Allege “Anti-Israel” Bias: Trump Pulls A Reagan, Pulls USA Out Of UNESCO

by Ike Obudulu Posted on October 12th, 2017

Washington, D.C., USA: In a statement, US State Department spokeswoman Heather Nauert said today, thursday, that the US would be pulling out of the United Nations Educational, Scientific and Cultural Organisation (UNESCO) by the end of the year 2018, accusing it of “anti-Israel” bias.

Nauert said, “This decision was not taken lightly and reflects US concerns with mounting arrears at UNESCO, the need for fundamental reform in the organisation and continuing anti-Israel bias at UNESCO.”

The State Department said it plans to “remain engaged” with the organisation as a non-member.

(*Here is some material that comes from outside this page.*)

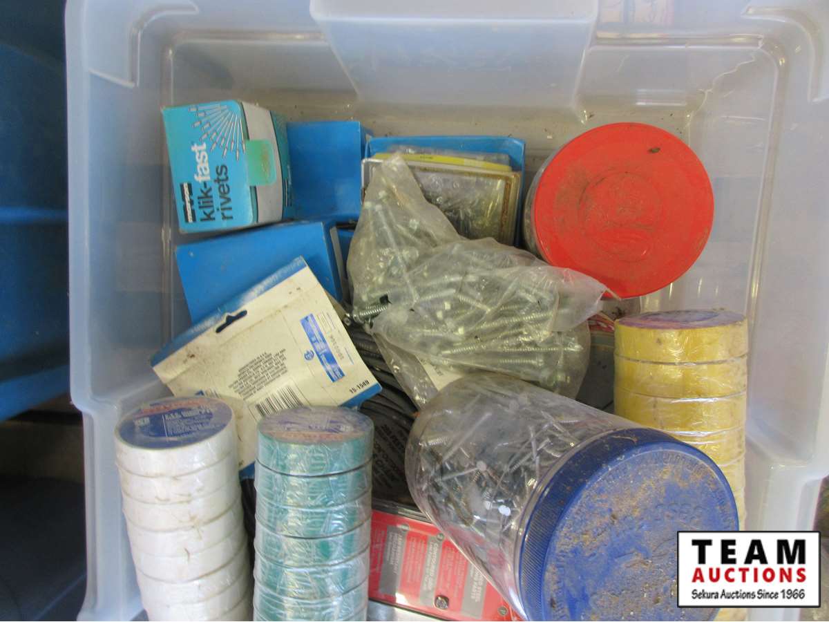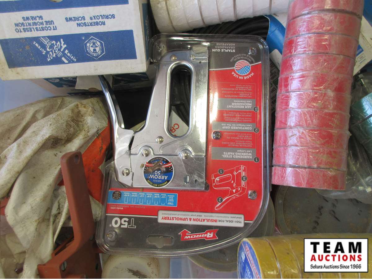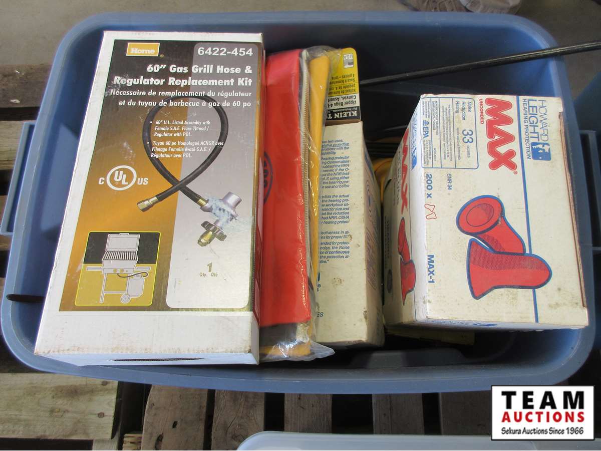 electrical tape, bolts, screws, ear plugs, 60" gas grill hose, power bar, packing tape, ladle & lead stock, sand paper, emery cloth & more

The Department said it would establish an observer mission at the Paris-based organisation to replace its representation.

UNESCO said the withdrawal was a loss to the “UN family” and to multilateralism.

The agency is known for designating world heritage sites such as Syria’s Palmyra and the US Grand Canyon.

This isn’t the first time the US has pulled out of UNESCO. Former President Ronald Reagan withdrew the US from the organisation in 1984, and former President George W. Bush rejoined the cultural group in 2002.

Under President Reagan, The United States formally announced on December 29th 1983,that it intended to withdraw from Unesco in a year’s time (December 31, 1984). But at the same time, it said that it would strengthen its participation in the United Nations and other international agencies. The decision to withdraw from Unesco, Gregory J. Newell, the Assistant Secretary of State for International Organizations under President Reagan, said at a news conference, was made only after UNESCO refused to adjust its policies to meet American and other Western complaints.

The circumstances of the exit under Reagan versus under Trump are clearly different.

Gregory J. Newell, the Assistant Secretary of State for International Organizations under President Reagan gave these examples of American concerns:

The time and resources earmarked for projects that the United States does not believe should be dealt with by Unesco, such as spending $750,000 in discussing Soviet-inspired disarmament proposals.

The ”collectivist” trends in the group, which, Mr. Newell said, promotes ”group rights” at the expense of individual human rights.

Efforts to promote the licensing of foreign reporters and the setting up of a ”new world information order.”

What he said was the excessive attention given the so-called New International Economic Order, in which wealthy countries are supposed to tranfer resources to the poorer ones.

Unesco’s request for a budget increase of nearly 10 percent while other United Nations agencies were abiding by requests to keep their budgets at near zero growth, The budget for Unesco is about $200 million yearly, with the United States contributing a fourth.

Mr. Gregory J. Newel said that in addition to Unesco, the United States had specific problems with the International Atomic Energy Agency, the Food and Agriculture Organization, the International Labor Organization, the United Nations environmental program and the International Telecommunications Union. But he said the agencies had altered their policies, some of them political, and others budgetary, to Washington’s satisfaction.